The migration of the archenteron
depends not only on signals and proteins already present in
the egg, but also on extracellular materials that have been
incorporated into the organism. Karp and Solursh have
hypothesized that secondary mesenchyme cells, which form the
filopodia of the developing archenteron (primary gut)
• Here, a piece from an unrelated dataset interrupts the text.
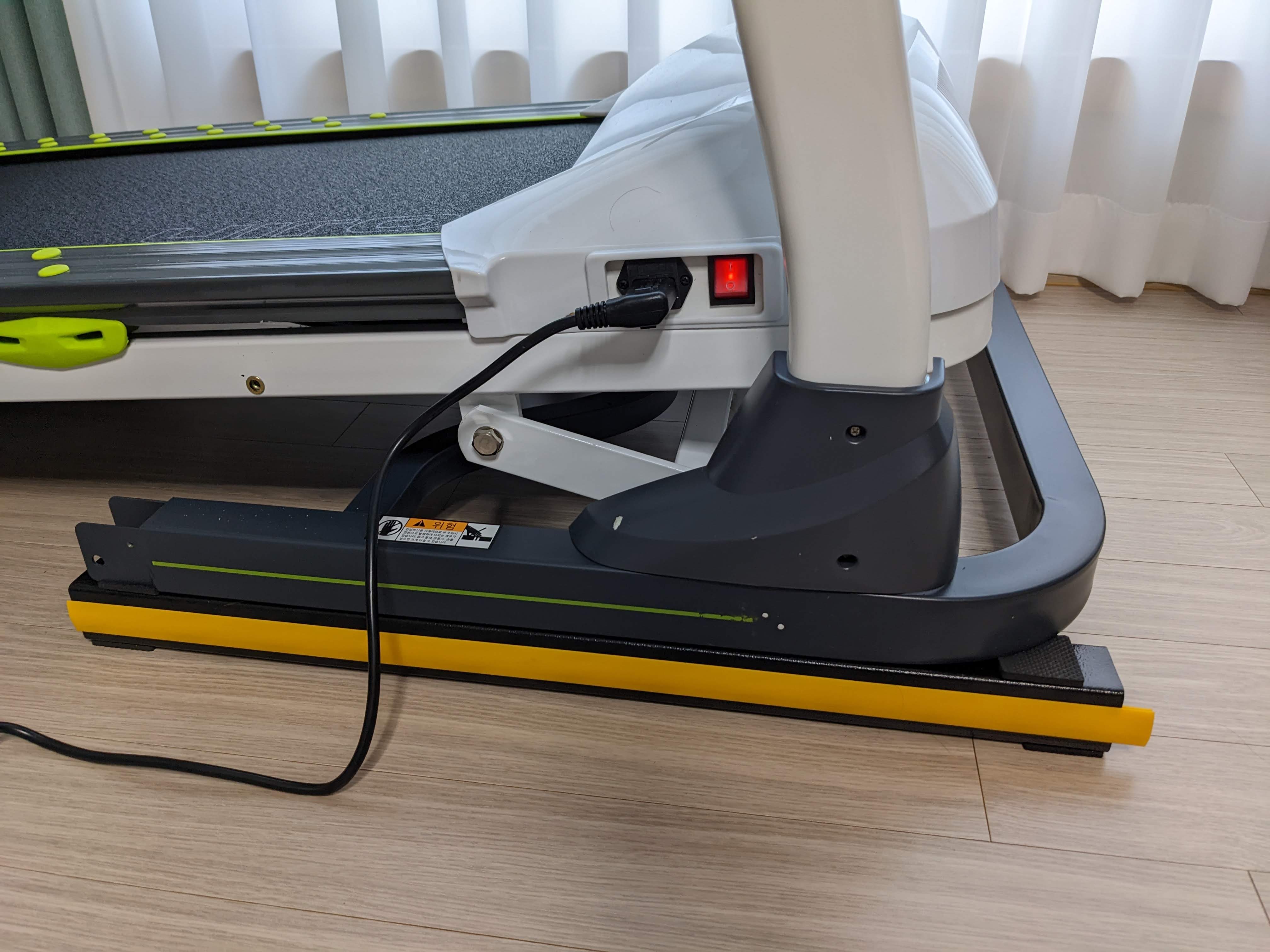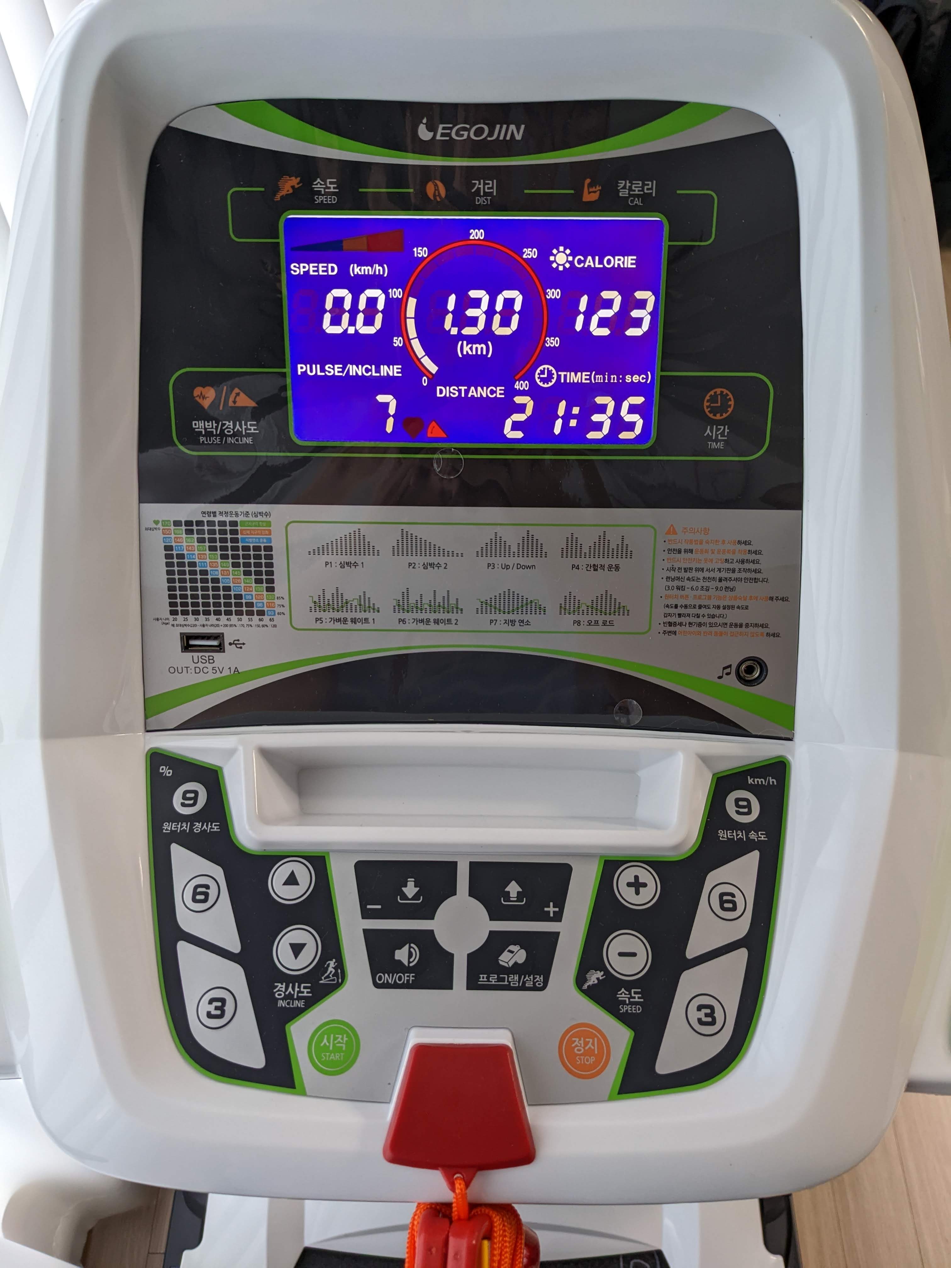 컨트롤 패널의 디자인이 나쁘지 않다. 보기 편하게 구성되어 있다. 맨 아래에 있는 빨간 뚜껑으로 보이는 덮개는 응급 정지 핀이다. 작동중 저 핀을 제거하면 작동이 멈추고, 핀이 붙어 있지 않으면 러닝머신이 작동하지 않게 되어있다.

require sulfate (as something like an adhesive) in order to
migrate along the extracellular matrix within the blastocoel
of a developing sea urchin (1974).
Presumably, sea urchin embryos
incorporate sulfate from the environment into their
extracellular matrixes. The extracellular matrix contains
acid mucopolysaccharide, which when bound to sulfate, is
rough in appearance (Karp and Solursh, 1974). This roughness
is akin to velcro's roughness, allowing secondary mesenchyme
cells to pull the archenteron up along the blastocoel
cavity. If sulfate is not present, it has been observed that
an archenteron does not form (Karp and Solursh, 1974). Fixed
and stained embryos will indicate if the gut endoderm cells
have differentiated (and have simply failed to
migrate).
Figure 1. A schematic drawing of a
gastrulating sea urchin embryo. Note the secondary
mesenchyme cells, in the form of a filopodia, attaching to
the blastocoel wall to pull the archenteron up through the
blastocoel to form the gut cavity.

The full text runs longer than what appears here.